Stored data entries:
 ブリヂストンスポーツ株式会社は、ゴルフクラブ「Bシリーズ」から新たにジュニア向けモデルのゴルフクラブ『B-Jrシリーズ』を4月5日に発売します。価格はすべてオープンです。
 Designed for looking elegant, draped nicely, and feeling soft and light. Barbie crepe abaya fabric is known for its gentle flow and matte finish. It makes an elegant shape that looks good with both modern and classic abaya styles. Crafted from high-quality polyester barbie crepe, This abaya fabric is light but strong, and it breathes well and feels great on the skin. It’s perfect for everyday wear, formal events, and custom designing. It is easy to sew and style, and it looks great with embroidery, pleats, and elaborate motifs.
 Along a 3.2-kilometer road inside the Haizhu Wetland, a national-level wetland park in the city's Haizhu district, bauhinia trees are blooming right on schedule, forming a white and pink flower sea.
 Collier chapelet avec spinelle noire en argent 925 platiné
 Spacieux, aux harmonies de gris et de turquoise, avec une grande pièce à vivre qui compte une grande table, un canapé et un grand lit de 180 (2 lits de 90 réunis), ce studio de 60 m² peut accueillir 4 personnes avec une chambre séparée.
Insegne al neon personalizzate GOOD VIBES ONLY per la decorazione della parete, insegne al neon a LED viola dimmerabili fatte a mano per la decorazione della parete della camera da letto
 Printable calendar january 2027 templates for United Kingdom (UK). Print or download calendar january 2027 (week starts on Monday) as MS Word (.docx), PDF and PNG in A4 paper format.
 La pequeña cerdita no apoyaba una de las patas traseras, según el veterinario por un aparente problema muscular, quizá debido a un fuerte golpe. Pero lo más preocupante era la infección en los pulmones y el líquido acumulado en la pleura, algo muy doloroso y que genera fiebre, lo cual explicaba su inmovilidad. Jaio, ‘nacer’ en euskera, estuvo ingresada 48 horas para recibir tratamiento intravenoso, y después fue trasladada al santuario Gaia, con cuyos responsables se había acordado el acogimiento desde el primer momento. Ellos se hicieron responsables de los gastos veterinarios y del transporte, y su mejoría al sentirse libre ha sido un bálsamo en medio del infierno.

_TO DO:_ Above are the records. Identify each line that contains the word "avec".

_SOLVED EXERCISE:_
 Collier chapelet avec spinelle noire en argent 925 platiné
 Spacieux, aux harmonies de gris et de turquoise, avec une grande pièce à vivre qui compte une grande table, un canapé et un grand lit de 180 (2 lits de 90 réunis), ce studio de 60 m² peut accueillir 4 personnes avec une chambre séparée.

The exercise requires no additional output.